Но то, что Алисе кажется во сне взмахами крыльев фламинго, на самом деле — шум дождя над Мургале. Он льет как из ведра, и земля лопается, гремя и треща сквозь дробь капель, как по весне лед, глухо звоня, как в марте Даугава, и мох динамитом взрывают грибы и выстреливают из земли ракетами…

* * *

…А в удивительном парке, где я брожу сейчас среди бледных фигур людей, размеренно качающихся взад и вперед, взад и вперед, в этом тихом царстве, по которому я блуждаю мимо серых теней, колыхающихся с жужжаньем и шелестом, с каким шелестят, облетая, листья и жужжит цветочный пух, — здесь не осень и не зима, не весна и не лето, здесь нет ни грибного дождя и трескучих морозов, ни пробуждения весны и знойного июля, здесь нет времен года, дня или ночи, так как само время утратило ценность, значение и даже смысл. Я хожу под голыми деревьями среди цветущих роз, и мои ноги не оставляют следов на снегу, которым все здесь засыпано, как после метели. И никто — ни зверек, ни санки не оставили тут ни следа, ни колеи, и с белых крон деревьев не стряхнул снега ни ветер, ни прыгучая белка, ни севший на кончик ветки дрозд. Птицы не вьют здесь гнезд и не кладут белых и пестрых яиц, и мыши в норах не приносят голых и теплых мышат. Все тут всецело принадлежит прошлому, и нет здесь былого близкого и далекого, есть только прошлое как таковое, былое вообще, в котором судьбы смешались, как воды сбегающих в реку ручьев. Ни достаток и должность, ни возраст и даже пол здесь не играют никакой роли. Часы стоят, и купить за деньги тут ничего нельзя.

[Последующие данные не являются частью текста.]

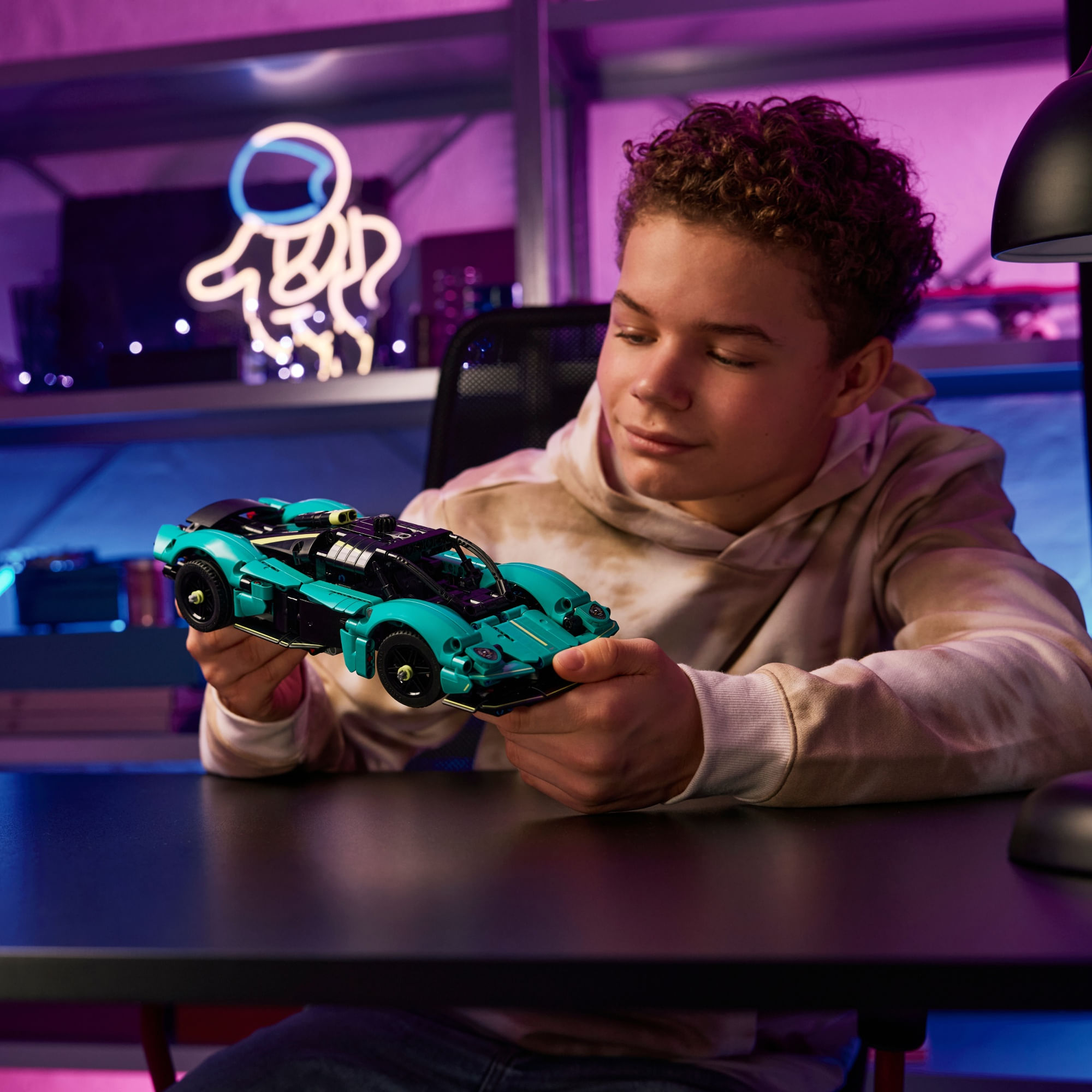 Um kit de modelo de carro para crianças de 9 anos ou mais – Deixe as crianças e os fãs de carros esportivos construírem o carro dos seus sonhos com este modelo LEGO® Technic™ Aston Martin Valkyrie, que inclui muitas funções autênticas

Я молча гляжу на людей, которые некогда были моими соседями в Мургале и знакомыми, и они тоже на меня смотрят, хотя меня и не видят. Я знаю о них все, но стыда от этого они не испытывают, так же как я волнения. Мое знание не дает мне ни радости, ни удовлетворения, оно ни на что не годно, как старая, давно изъятая из обращения монета. Я опоздала — и никому больше не могу быть полезна, да никому и не нужно моей помощи или жалости здесь, в этом царстве, где нельзя ошибиться, так же как и ошибку исправить.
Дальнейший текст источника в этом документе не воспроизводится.